Module 4: Audit Logging and Compliance Monitoring

  • Enable audit logging at the cluster level, selecting event types (e.g., access_denied, access_granted, connection_denied) based on compliance requirements and log volume constraints.
  • Ship audit logs to a secure, immutable index with restricted access, ensuring logs cannot be altered by cluster administrators.
  • Configure audit log retention policies in alignment with regulatory standards (e.g., PCI-DSS, HIPAA), managing storage costs and retrieval performance.
  • Filter audit events to exclude high-volume benign operations (e.g., health checks) while preserving forensic value for security incidents.
  • Integrate audit logs with SIEM systems using Logstash or Elastic Agent, normalizing event formats and enriching with contextual metadata.
  • Test audit log integrity by simulating unauthorized access attempts and verifying event generation and delivery across the pipeline.

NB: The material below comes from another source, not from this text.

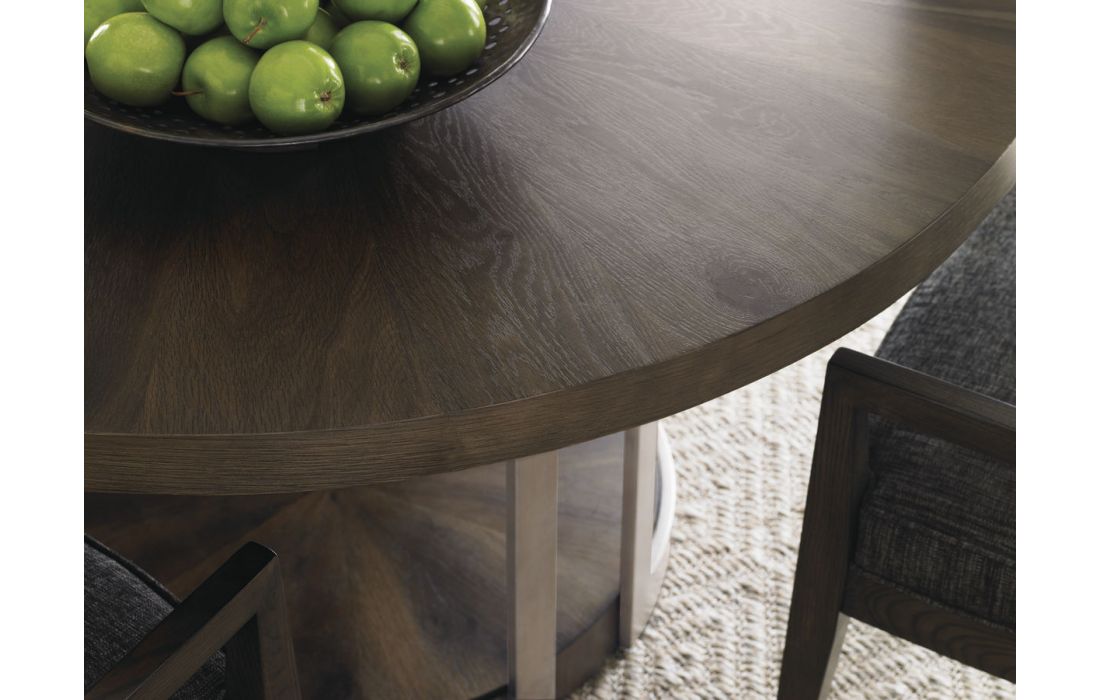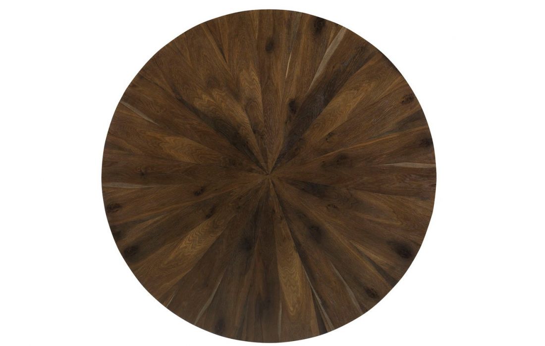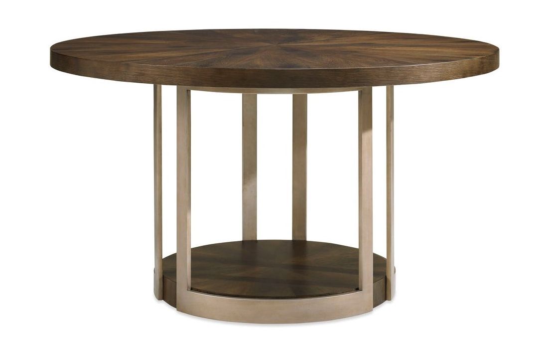 Mesa de jantar redonda com tampo em carvalho e estrutura em metal dourado

Module 5: Securing Data at Rest and in Transit

  • Enable transparent data encryption using Elasticsearch’s encrypted index feature for sensitive indices, accepting increased CPU and storage overhead.
  • Manage encryption keys through an external key management system (KMS), ensuring key rotation policies comply with organizational standards.
  • Classify data sensitivity across indices to determine which require encryption, balancing security needs with performance and operational complexity.
  • Use snapshot encryption when backing up to shared repositories, ensuring credentials and keys are stored separately from the backup location.
  • Enforce disk-level encryption on underlying storage volumes, particularly in cloud environments using EBS or managed disks.
  • Validate end-to-end encryption from Beats to Elasticsearch, ensuring no plaintext data persists in intermediate buffers or logs.

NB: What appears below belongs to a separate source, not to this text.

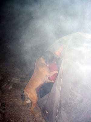 спальника, чтобы затащить собаку внутрь. Привыкший к домашнему
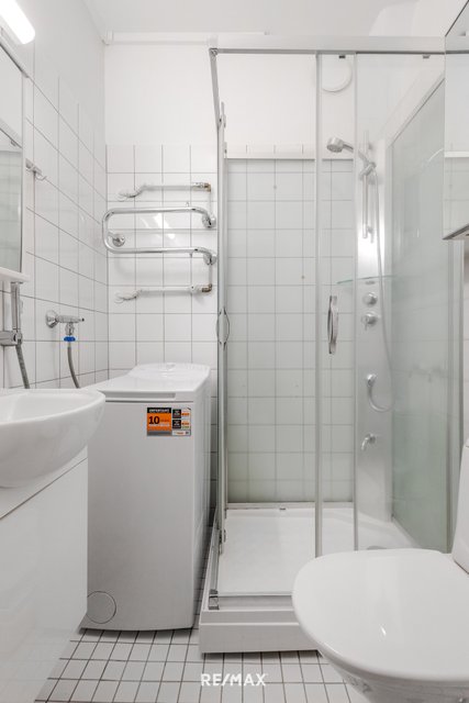- WC-istuin, suihkukaappi, pesukone, peilikaappi, bidee-suihku, allaskaappi, ja pesukoneliitäntä

Module 6: Hardening Elasticsearch Configuration and Deployment

  • Disable dynamic scripting in production environments, allowing only stored scripts with strict access controls for essential use cases.
  • Set minimum master nodes and discovery.zen settings to prevent split-brain scenarios, especially in multi-zone deployments.
  • Restrict network exposure by binding Elasticsearch to internal interfaces only and using firewalls to limit access to trusted subnets.
  • Disable unused plugins and APIs (e.g., delete-by-query, snapshot restore from arbitrary repositories) to reduce attack surface.
  • Configure JVM heap size to no more than 50% of physical memory, mitigating garbage collection delays and memory exhaustion risks.
  • Apply OS-level security controls such as SELinux or AppArmor, aligning with organizational baselines for server hardening.

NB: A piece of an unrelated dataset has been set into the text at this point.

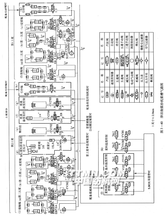 图3—40(i)为浆料浓度控制气路:在浆液浓度配备的新型控制装置中,信号输入电磁阀YV2710,使气流通入,操作汽缸阀,补充浓度较高的浆液,通过反馈信号保持浆液浓度稳定。

Module 7: Securing the Broader ELK Stack

  • Configure mutual TLS between Logstash and Elasticsearch, ensuring only authorized Logstash instances can write to specific indices.
  • Use ingest node pipelines to sanitize or redact sensitive fields before indexing, reducing exposure in downstream queries and exports.
  • Secure Kibana spaces and saved object permissions to prevent cross-tenant data access in shared deployments.
  • Enforce strong session management in Kibana with short-lived tokens and idle timeout settings, particularly for public-facing instances.
  • Validate input sources in Beats (e.g., Filebeat, Metricbeat), ensuring only approved servers and applications can send data.
  • Monitor for configuration drift in Beats and Logstash using centralized management tools like Fleet or Puppet, detecting unauthorized changes.

Module 8: Incident Response and Forensic Readiness

  • Establish baseline cluster behavior for query volume, user activity, and index growth to detect anomalies during investigations.
  • Preserve snapshot backups of compromised indices before remediation, maintaining chain-of-custody for legal or regulatory review.
  • Isolate affected nodes during a breach by adjusting discovery settings and firewall rules, minimizing lateral movement.
  • Revoke compromised API keys and service account credentials immediately, rotating associated secrets across the stack.
  • Conduct post-incident reviews using audit logs to reconstruct attacker actions and identify control gaps.
  • Simulate breach scenarios through red team exercises, testing detection capabilities and response workflows in staging environments.